A confidence interval provides an estimated range of values which is likely to contain the population parameter. The most common confidence level is 95%, which means that if the same process were repeated many times, 95% of the calculated confidence intervals would contain the true population parameter.

Key components of a confidence interval:

  • Point estimate: The best guess for the population parameter
  • Margin of error: The range around the point estimate
  • Confidence level: The probability that the interval contains the true parameter

Confidence intervals are different from confidence levels. A 95% confidence interval means we're 95% confident that the interval contains the true parameter, not that there's a 95% chance the parameter is within the interval.

How to Calculate Confidence Intervals in SAS

SAS provides several procedures for calculating confidence intervals. The most common methods are:

  1. PROC MEANS for simple confidence intervals
  2. PROC TTEST for t-tests with confidence intervals
  3. PROC REG for regression confidence intervals
  4. PROC SURVEYMEANS for survey data

Using PROC MEANS

For calculating confidence intervals for means:

PROC MEANS DATA=your_data N MEAN CLM;
    VAR your_variable;
RUN;

This will produce a confidence interval for the mean of your_variable using the default confidence level (usually 95%).

Using PROC TTEST

For t-tests with confidence intervals:

PROC TTEST DATA=your_data CI=BOTH;
    VAR your_variable;
RUN;

The CI=BOTH option provides both the confidence interval for the mean and the confidence interval for the difference between means.

Using PROC REG

For regression confidence intervals:

PROC REG DATA=your_data;
    MODEL dependent_var = independent_var;
    OUTPUT OUT=output_data P=prediction CI=ci_lower ci_upper;
RUN;

This will create a dataset with prediction intervals and confidence intervals for the regression line.

Changing the Confidence Level

To change the confidence level (default is 95%), use the ALPHA= option:

PROC MEANS DATA=your_data N MEAN CLM ALPHA=0.10;
    VAR your_variable;
RUN;

This would produce a 90% confidence interval (100% - 10% = 90%).

Worked Example

Let's calculate a 95% confidence interval for the mean of a variable called "height" in a dataset called "people".

SAS Code

PROC MEANS DATA=people N MEAN CLM;
    VAR height;
RUN;

Sample Output

Variable N Mean Std Dev 95% CL Mean
height 100 68.5 2.3 (67.9, 69.1)

Interpretation

We can be 95% confident that the true mean height of the population is between 67.9 and 69.1 inches.

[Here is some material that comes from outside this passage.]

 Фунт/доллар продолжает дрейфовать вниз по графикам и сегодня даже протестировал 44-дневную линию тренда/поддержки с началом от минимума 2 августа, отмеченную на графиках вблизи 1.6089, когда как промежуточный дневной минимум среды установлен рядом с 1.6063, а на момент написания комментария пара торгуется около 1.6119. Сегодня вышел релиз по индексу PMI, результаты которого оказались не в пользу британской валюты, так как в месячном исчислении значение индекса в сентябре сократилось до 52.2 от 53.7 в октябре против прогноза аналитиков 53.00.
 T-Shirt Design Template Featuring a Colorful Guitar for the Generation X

This means if we were to take many samples and calculate 95% confidence intervals for each, approximately 95% of those intervals would contain the true population mean.

Interpreting Results

When interpreting confidence intervals in SAS output:

  • Look for the "95% CL Mean" column in PROC MEANS output
  • For PROC TTEST, look for the "Confidence Limits" section
  • For PROC REG, look at the CI_Lower and CI_Upper variables in the output dataset

Common interpretations:

  • If the interval includes zero, the effect is not statistically significant
  • Wider intervals indicate more uncertainty in the estimate
  • Narrower intervals indicate more precise estimates

Always consider the context when interpreting confidence intervals. A wide interval might indicate the need for more data, while a narrow interval suggests a precise estimate.

FAQ

What is the difference between a confidence interval and a prediction interval?

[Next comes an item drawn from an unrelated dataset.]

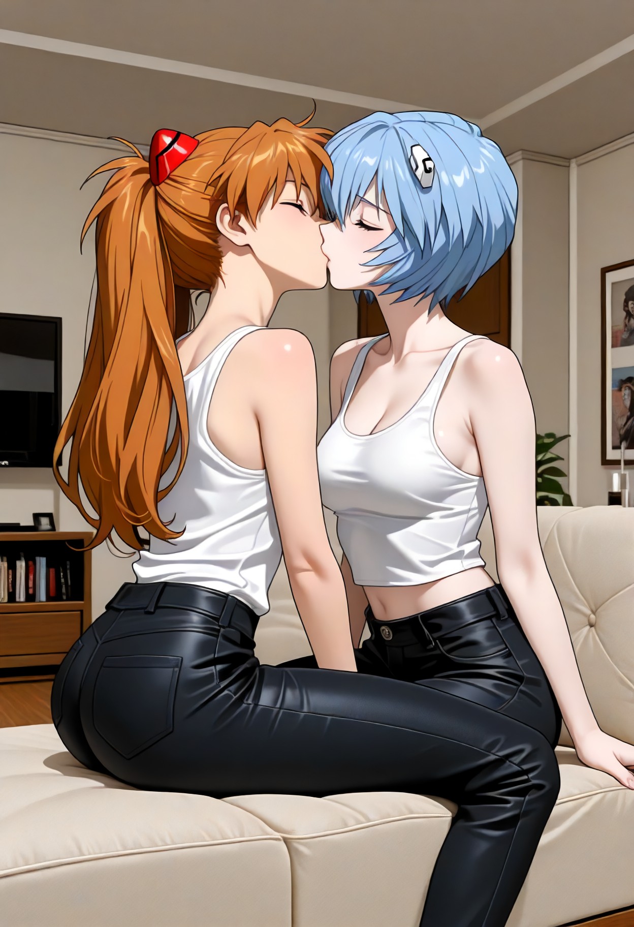 2girls,kissing,tank top,black jeans,ponytail,swaying,eyes closed,intimate,living room

A confidence interval estimates the range for the population parameter (like the mean), while a prediction interval estimates the range for individual future observations. Prediction intervals are always wider than confidence intervals.

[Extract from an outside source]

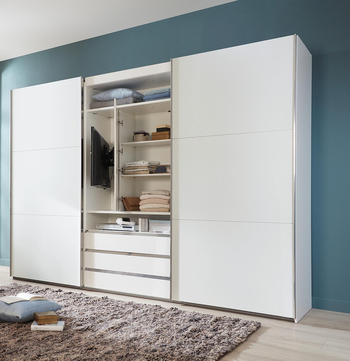 hinter den Schwebetüren jeweils 1 Fachboden und 1 Kleiderstange

How do I change the confidence level in SAS?

Use the ALPHA= option in your procedure call. For example, ALPHA=0.10 gives you a 90% confidence interval (100% - 10% = 90%).

What assumptions are needed for confidence intervals?

For most common confidence intervals, you need random sampling, a large enough sample size (typically n > 30), and the data should be approximately normally distributed.